ML-implementation-on-Classified-data

This repository implements a K-Nearest Neighbors (KNN) model in Python for predicting loan defaults. It analyzes the KNN_Project_Data dataset (features & binary target 'TARGET CLASS').

Code Summary

This Python script demonstrates the use of the K-Nearest Neighbors (KNN) classification algorithm for a binary classification task. It imports various libraries, loads a dataset named 'KNN_Project_Data', scales the data, and trains a KNN model to predict the 'TARGET CLASS'. The code also performs model evaluation and hyperparameter tuning.

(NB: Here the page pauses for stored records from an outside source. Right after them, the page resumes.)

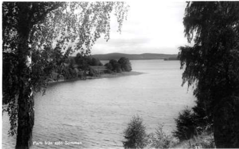
Parti från sjön Somman
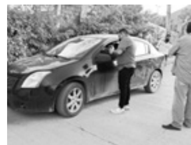
LA CONDUCTORA del Sentra omitió el alto.
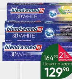
Зубная паста BLEND-A-MED 3D White Бережная мята; с экстрактом древесного угля; свежий лимон, 100 г

164 90 21% ЭКОНОМИЯ Цена по карте 129 90
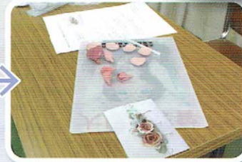
まずバラの花びらを 作ります
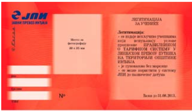
Легитимација за ученике
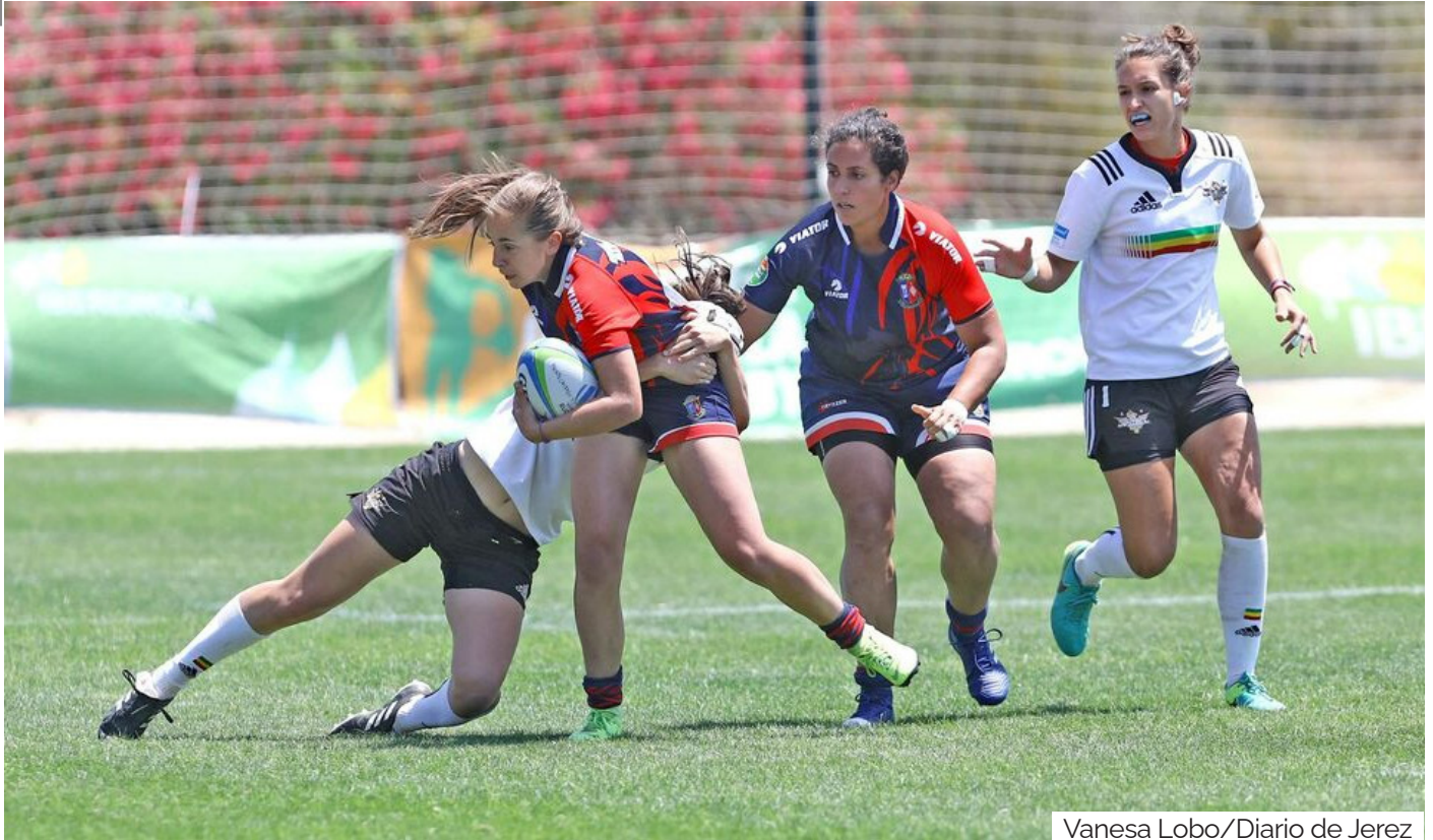
Vanessa Lobo/Diario de Jerez

La primera de las dos series en la Copa de la Reina 7s Iberdrola 2021, programada para el 19 y 20 de junio en el Estadio Universitario de Elviña (A Coruña), ya conoce la composición de sus tres grupos, donde el CR Majadahonda, actual campeón, el CRAT Residencia Rialta y el XV Hortaleza RC parten como cabezas de serie, al haber acabado en el podio en 2019, último año en que se jugó la competición.

Data Loading and Exploration

The code begins by importing necessary libraries, loading the dataset 'KNN_Project_Data' using pandas, and displaying dataset information using df.info(). The dataset is assumed to contain features and a binary target variable ('TARGET CLASS').

Data Preprocessing

Data preprocessing steps include:

Scaling the feature data using StandardScaler from scikit-learn to ensure that all features have the same scale.
Splitting the dataset into training and testing sets using train_test_split().

Model Building

The code then proceeds to build a K-Nearest Neighbors (KNN) classifier model with the following steps:

Importing KNeighborsClassifier from scikit-learn.
Initializing a KNN model with a specified number of neighbors (in this case, n_neighbors=1).
Fitting the model to the training data.
Making predictions on the test data.

Model Evaluation

The code evaluates the KNN model by:

Importing classification_report, confusion_matrix, and accuracy_score from scikit-learn.
Printing the confusion matrix and classification report, which includes metrics such as precision, recall, and F1-score.
Performing hyperparameter tuning by iterating through different values of 'n_neighbors' and collecting error values. This helps to find an optimal 'n_neighbors' value.
Plotting the error values against 'n_neighbors' to visualize the trade-off between bias and variance.
Rebuilding the KNN model with the optimal 'n_neighbors' value found during hyperparameter tuning.
Printing the final confusion matrix, classification report, and accuracy score.